First, increasing unhygienic conditions of life coupled with
deteriorating dietary have made people more prone to disease. This, combined
with the increasing attacks of infections due to the defacto winding up of most
disease eradication campaigns (like malaria) of the government, has resulted in
epidemic like conditions of many diseases. Even those that had disappeared, like
Kala Azar are taking their toll. High profile WHO campaigns like the pulse polio
is nothing but a high-cost stunt to dump useless polio drops in India at huge
cost to the country. In fact, there has in fact been an increase in the number
of polio cases in places like Delhi (in 2000), a veritable surge in polio cases
this year in UP and in MP, both of which have recorded roughly 300 cases of
polio in the first seven months of 2002.
Second, privatisation of health has, on the one hand, led to
a deterioration in the health services in the public hospitals, while on the
other it has resulted in the entry of super-speciality corporate hospitals,
pushing the costs of medical care sky-high. In addition, public hospitals are
themselves being privatized by the introduction of ‘user-charges’ for most of
the facilities that were earlier provided free.

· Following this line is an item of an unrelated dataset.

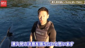 さらにイルカと一緒に泳げる「つくみイルカ島」では、石川市長が「プッシング」という技に挑戦しながら、今後の津久見への決意を叫ぶ!?

An example of this is the horror tale that has come to light
in West Bengal government’s only speciality center for children — the B.C.Roy
hospital at Calcutta. On Monday Sept.1, 2002 nine children died at this
hospital; during that week 31 had died; in the month of August 2002, 200 died;
and on an average 5 children die every day in just this one hospital. In this
so-called Marxist run State due to lack of funds there is always a shortage of
oxygen, saline, and medicine. There is a shortage of doctors; there is one nurse
for 40 patients and the hospital is so crowded that there are often 3 children
(together with their mothers) to one bed. In the face of militant demonstrations
the CPM says that the deaths were natural!! The Chif Minister, instead of
remedying matters, in Hitlerian style orders a ban on demonstrations outside the
hospital, and issues orders to prevent any media from entering it. It is nothing
but butchery of children by the CPM government in West Bengal, which like all
other state governments, is cutting expenditure on health care at the behest of
the World Bank.
Thirdly, there has been a spurt in the prices of nearly all
drugs with the liberalization of the drug-pricing regime. Compared to the 378
drugs under price control in 1978, only 73 drugs remained under control in 1994.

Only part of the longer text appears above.